Katja Hall, director of HR policy at the CBI, expressed employer concerns at the decision.
Ms Hall said: Many firms already take a common sense and sympathetic approach. But allowing employees to re-classify their holiday as sick leave opens the door to abuse.
The ruling echoes a judgment handed down by the House of Lords in the case of a group of Customs workers, which stipulated that employees can accumulate holiday entitlements while on long-term sick leave.
Making its judgment, the ECJ said that if a worker does not wish to take annual leave during a period of sick leave, annual leave must be granted to him for a different period.

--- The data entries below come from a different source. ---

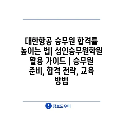 대한항공 승무원 합격률 높이는 법| 성인승무원학원 활용 가이드 | 승무원 준비, 합격 전략, 교육 방법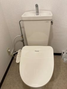 夕方には甲賀市水口町内の賃貸マンションにて温水洗浄便座の交換工事を行いました。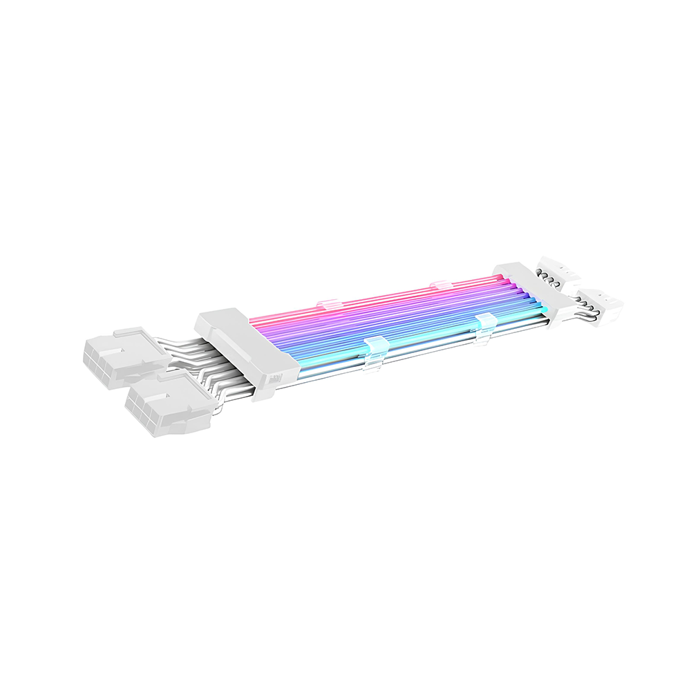 e câble extension Dual 8PIN RGB Striped White combine élégance et performance pour offrir une solution de gestion des câbles efficace et esthétique.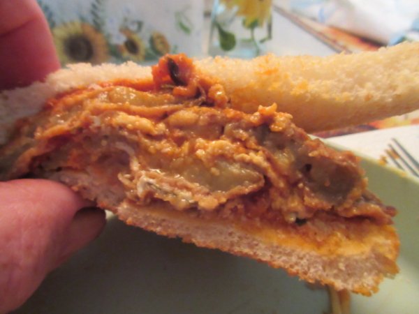 I had no clue you could grow eggplant parm??eggplant parm from our garden,,on toast,,,,,,,,,,,,,,,,,,,><)))):>

The wording of the ruling does not define the time at which an illness can affect the taking of a holiday, or when employees must report the illness to their employers to qualify for a rearrangement of their leave.
In the instance of Mr Pereda, the injury occurred after he had booked his holiday but before he had started his leave period.
Some lawyers believe that the ruling does not necessarily prevent workers who have already begun their holidays from asking to reallocate leave in the event of illness or injury.
Under the current rules on sick leave, employees can self-certify sickness for up to seven days. After that, they must have a doctor's note in order to continue on sick leave.